Source data:
..........
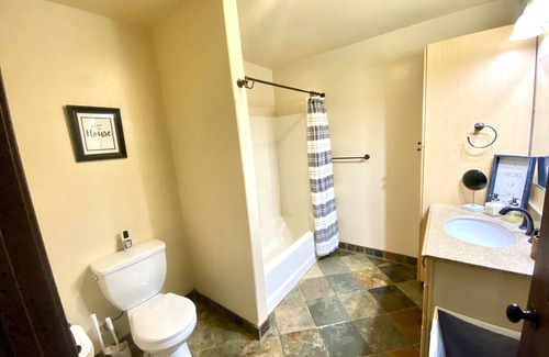 Our beds are: 2 Queens and 1 Full-size futon. Split level gives privacy on lower floor. There is 1 smart TV, washer and dryer.
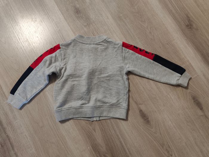 Je vends ce gilet / veste de la marque INFLUX pour enfant, de couleur grise avec bande rouge et bleue sur les manches. - Type de produit : Gilet - Marque : Influx - Taille : 3 ans - Couleur : Gris - Caractéristiques : Fermeture éclair, 2 poches latérales
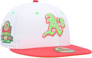 Upgrade your headwear game by grabbing this Oakland Athletics 40th Anniversary Strawberry Lolli 59FIFTY Fitted Hat from New Era. Highlighting your loyalty to the team will be super easy thanks to the distinctive Oakland Athletics graphics embroidered on the crown.
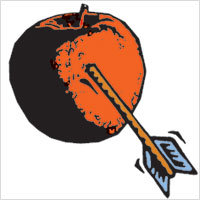 화살은 머리 위에 놓인 사과를 정통으로 쪼개 버렸다.
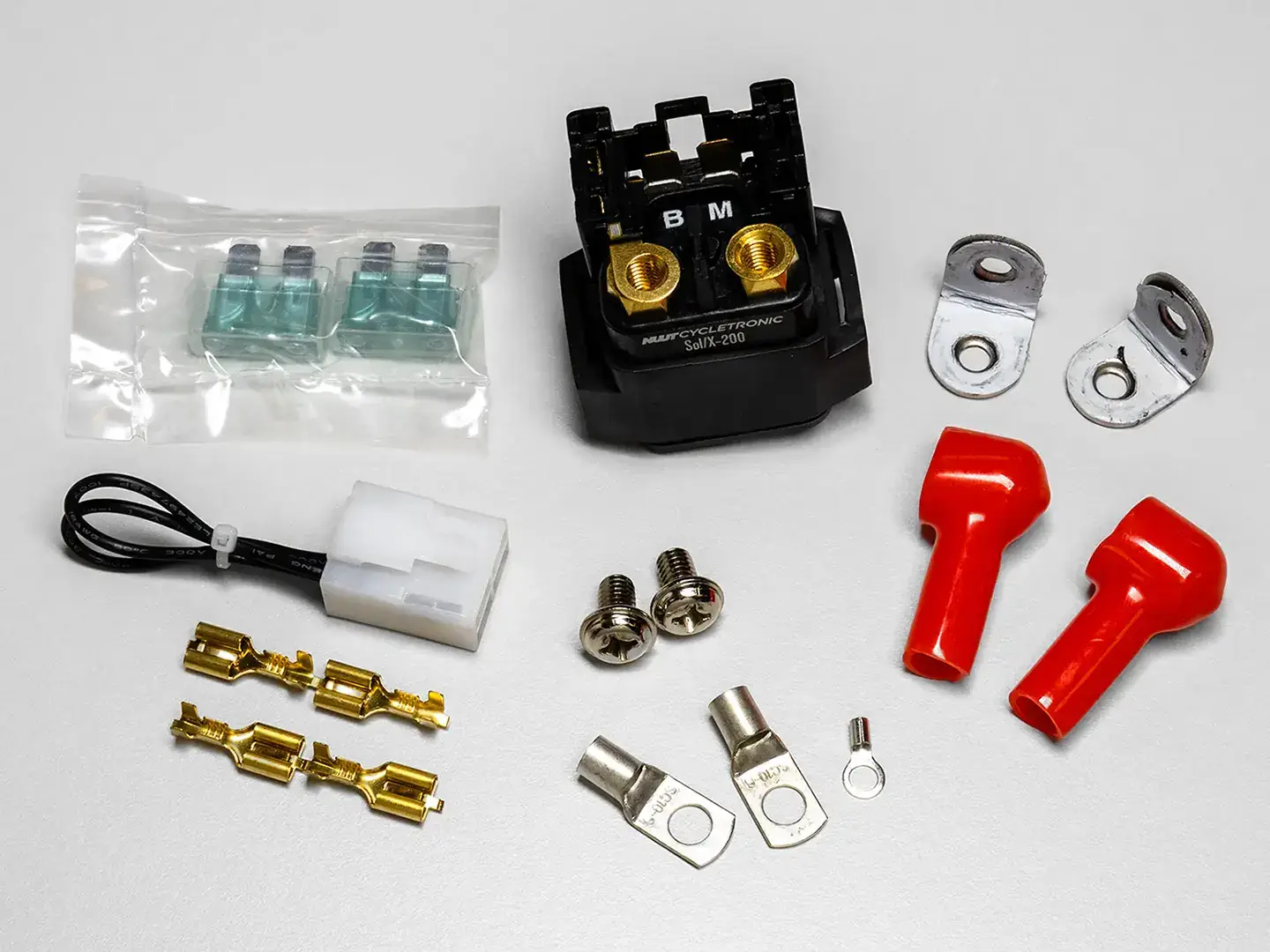 Includes wire connectors, terminal boots, ring terminals & mounting hardware
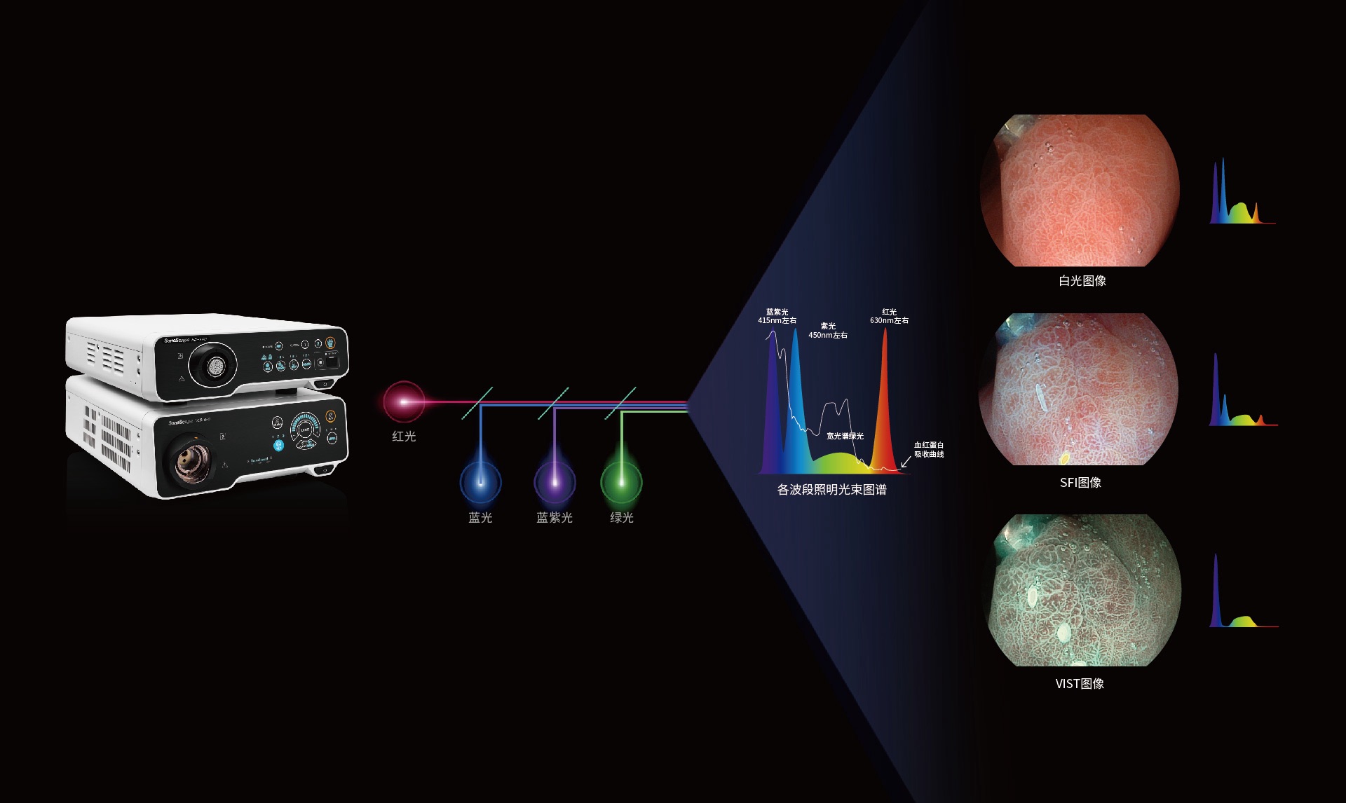 图像具有高亮度、高黏膜血管颜色对比度的特点,且不改变粘液、食物残渣、粪便的基本颜色,可在中远景下进行观察,助力消化道早期疾病的诊断。
..........
Every record above should be written out again exactly; the pictures stay out of the copy.

▶ The completed task
 Our beds are: 2 Queens and 1 Full-size futon. Split level gives privacy on lower floor. There is 1 smart TV, washer and dryer.
 Je vends ce gilet / veste de la marque INFLUX pour enfant, de couleur grise avec bande rouge et bleue sur les manches. - Type de produit : Gilet - Marque : Influx - Taille : 3 ans - Couleur : Gris - Caractéristiques : Fermeture éclair, 2 poches latérales
 Upgrade your headwear game by grabbing this Oakland Athletics 40th Anniversary Strawberry Lolli 59FIFTY Fitted Hat from New Era. Highlighting your loyalty to the team will be super easy thanks to the distinctive Oakland Athletics graphics embroidered on the crown.
 화살은 머리 위에 놓인 사과를 정통으로 쪼개 버렸다.
 Includes wire connectors, terminal boots, ring terminals & mounting hardware
 图像具有高亮度、高黏膜血管颜色对比度的特点,且不改变粘液、食物残渣、粪便的基本颜色,可在中远景下进行观察,助力消化道早期疾病的诊断。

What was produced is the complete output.